Certains parmi les membres de l’ASEAN (Singapour
par exemple) ont préconisé d’abandonner la Birmanie.
La Malaisie aussi a évoqué la possibilité d’expulser la
Birmanie de l’Association. Mais sur le fond, abandonner
la Birmanie à son sort et l’isoler reviendrait à admettre
l’échec de la politique d’engagement constructif de
l’ASEAN.
En outre, isoler la Birmanie ferait aussi le jeu de la junte.
Les militaires birmans se sentiraient encore moins engagés
par des contraintes internationales et deviendraient
probablement plus dépendants de la Chine qui pourrait
ainsi disposer de plus d’arguments pour resserrer son
étau ; ce qui à terme, pourrait se révéler contre-productif
pour l’Association. Personne ne veut d’un « régime
ermite », style Corée du Nord, en Asie du Sud-est.
C’est à la marge que l’ASEAN va jouer, elle qui reçoit
50 % des exportations birmanes.
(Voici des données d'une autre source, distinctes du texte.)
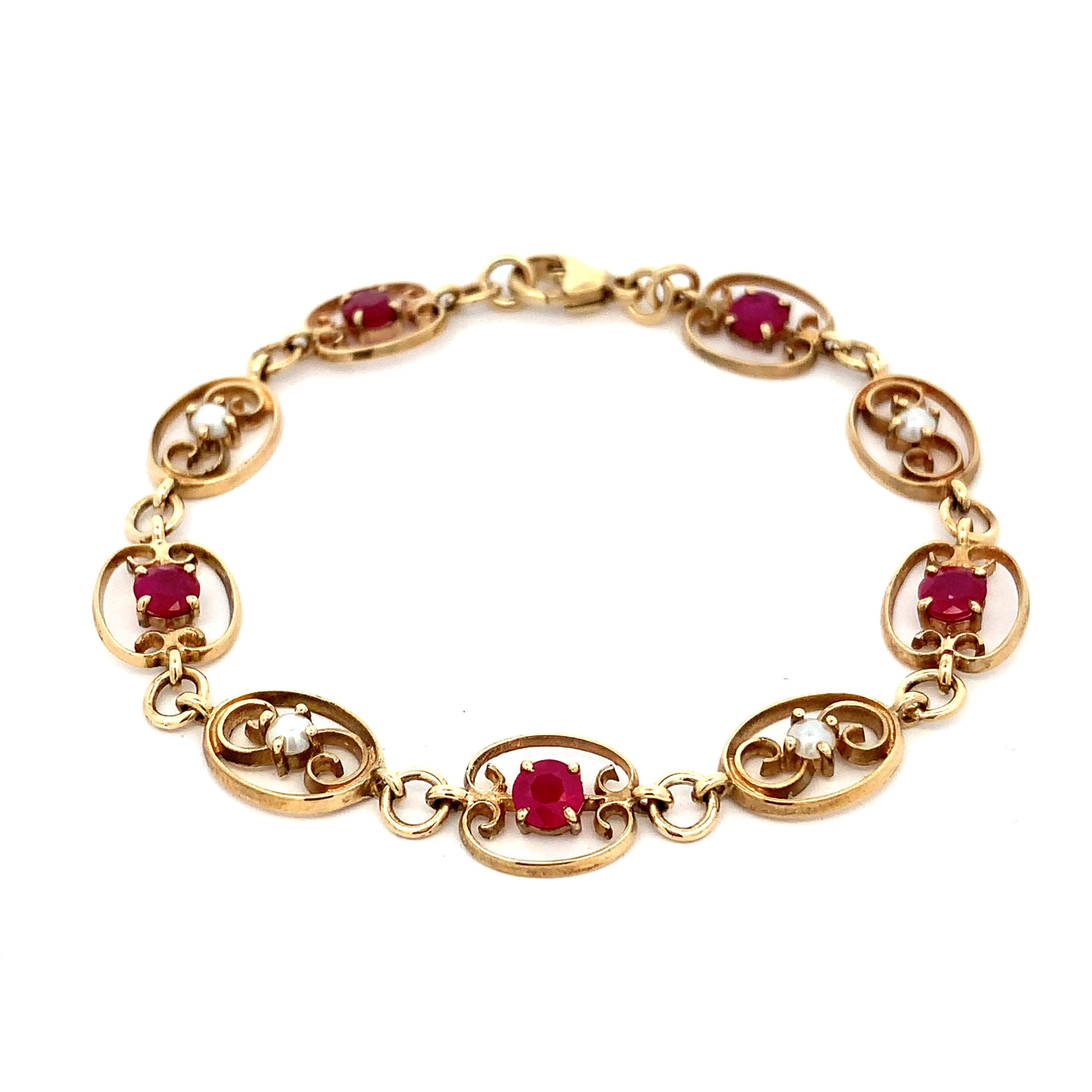 A pretty gold dress bracelet claw set with round cut faceted ruby and half pearls. In very good condition.
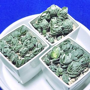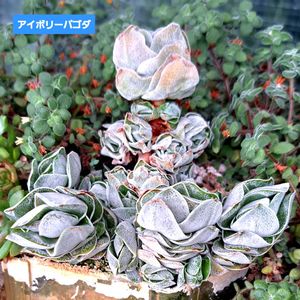 おはようございます☔😃🌤 アイボリー (スーパー) パゴダ🏰 芽キャベツではありません、玉椿 × 神刀、クラッスラ属🥦プチシュー増量中🉐️ 四度目の冬へ、南~無~🎶🔔 よい一日を🐬.。o○🌈🌏
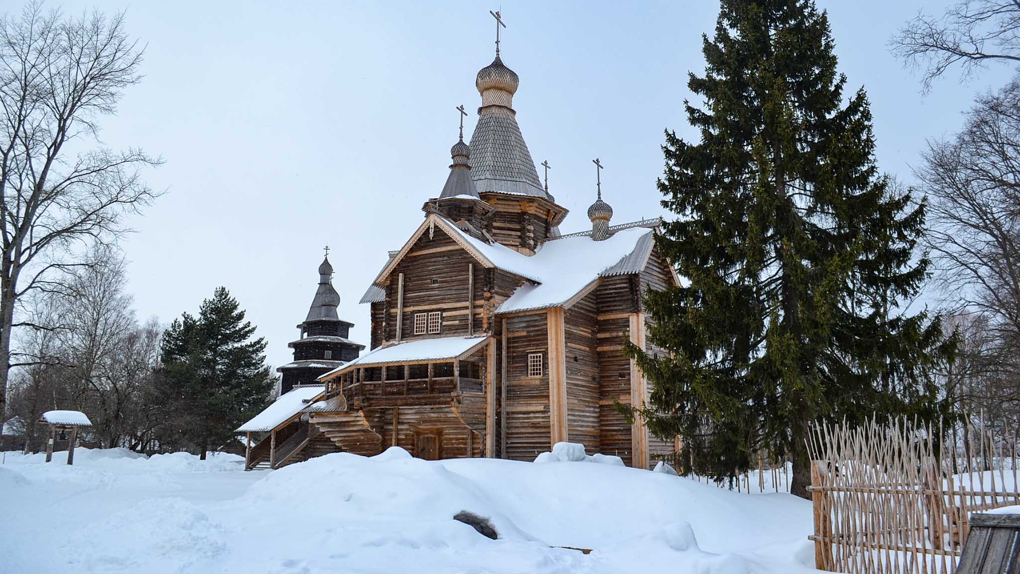 Пройдя от крестьянских изб чуть дальше, увидите две роскошные деревянные церкви — Рождества Богородицы (1531) и Николая Чудотворца (1757). Рядом с обеими фото будут очень красивыми.
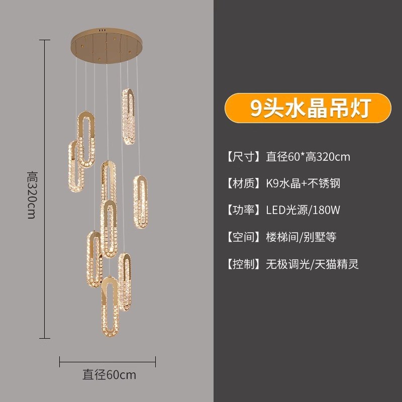 楼梯间长吊灯现代简约客厅水晶灯挑空复式楼别墅商用吊线灯高级感
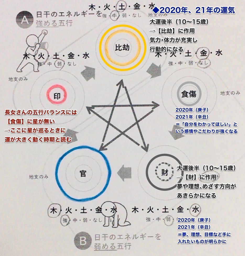 この2年間、びびさんの長女さんの五行バランスでは、金の五行【食傷】と、水の五行【財】に影響が出ます。
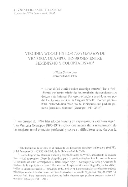 Virginia Woolf en Los testimonios de Victoria Ocampo: tensiones entre feminismo y colonialismo [artículo]Alicia Salomone.
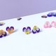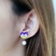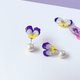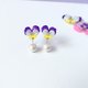< 手绘三色堇经典紫白黄色配棉棉珠后耳托耳环 >
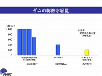 一方、日本で一番貯水量が大きな徳山ダム、これは水資源機構さんが管理されておりますけれども、ロックフィルダムとしても堤体積が大きいものであります。それでも貯水容量が約6.6億m3ぐらいです。
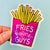 This is a holographic vinyl decal featuring "Fries Before Guys" in bright vivid colors.
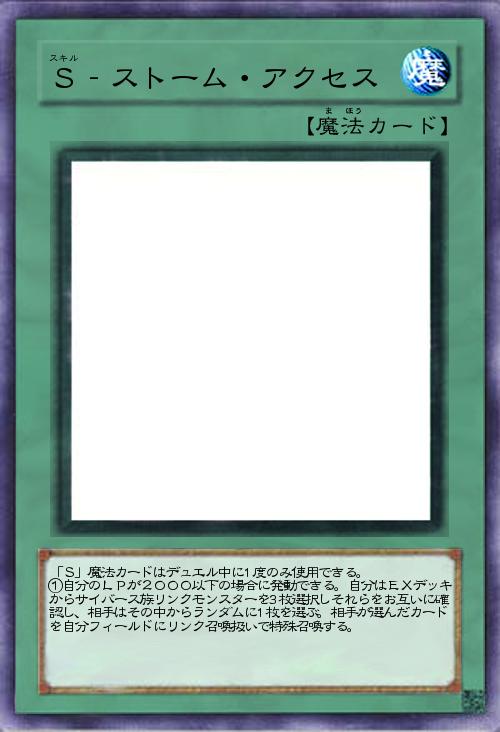 | 「S」魔法カードはデュエル中に1度のみ使用できる。 ①自分のLPが2000以下の場合に発動できる。自分はEXデッキからサイバース族リンクモンスターを3枚選択しそれらをお互いに確認し、相手はその中からランダムに1枚を選ぶ。相手が選んだカードを自分フィールドにリンク召喚扱いで特殊召喚する。 | |||

Une seule conviction
qui induit, mécaniquement, une ligne de conduite
plus souple : imposer des changements par la peur
et la force ne fonctionne pas. En outre, les économies
de l’ASEAN ne peuvent s’offrir un boycott car une
grande partie des exportations birmanes est constituée
d’énergie (notamment en direction de la Thaïlande).
En fait, l’ASEAN pourrait aussi faire évoluer la position
de l’Europe ce qui ne serait pas inutile : aucun acteur,
étatique ou pas, ne doit être figé / bloqué dans un rôle.
Le vrai problème en Birmanie est celui de la fragmentation
et de la distribution du pouvoir. Dans ce contexte, tous les
Birmans ne sont pas contre le régime militaire et l’opposition
n’est pas concentrée d’un seul bloc au sein de la LND ;
elle est au contraire très fragmentée, divisée selon des lignes
de partage ethniques et non politiques. La société birmane
est une société en évolution au sein de laquelle s’expriment
des revendications, parfois impulsées par les Birmans de
l’étranger, nombreux en Asie du Sud-est (on en compte
près de 2 millions rien qu’en Thaïlande). Les Occidentaux
ont une perception manichéenne de la situation qui ne
correspond pas à la réalité. Cette perception, qui entraîne
la mise en œuvre d’une politique rigide à l’égard de la junte,
encourage de facto la LND à boycotter les élections. Selon
Lee Jones, on peut douter de l’intérêt de cette démarche.
L’ASEAN doit vivre avec, au sein de son groupe, un
membre difficile, voire capricieux, quand les Occidentaux
peuvent s’offrir le luxe du dénigrement à distance. L’Union
européenne doit arrêter d’utiliser la cause birmane pour
faire valoir ses principes et valeurs politiques et devrait
plutôt s’engager avec les réalités politiques de la situation.
Il ne s’agit pas d’abandonner tout projet de changement,
il s’agit plutôt d’arrêter la politique moralisatrice qui
sert de faire valoir à quelques personnalités en vue.
Plus généralement, l’Europe doit admettre qu’elle est
un acteur mineur en Asie orientale et qu’elle doit choisir
avec discernement ses combats ; si elle continue ainsi,
elle accentuera sa marginalisation. Quelques États
européens d’ailleurs avancent leurs pions avec prudence,
mais continuent à commercer et à investir en Birmanie.
La plupart des États-membres de l’ASEAN sont engagés
dans des processus, plus ou moins chaotiques, de
démocratisation. Ceux-là sont prioritaires et l’Union
européenne doit s’engager à soutenir ce processus et
les groupes qui les activent. En focalisant son action sur
la Birmanie, l’Union européenne rate des opportunités. Il
serait temps qu’elle s’inspire de l’expérience américaine qui
a renoué, récemment, des liens même ténus avec la junte.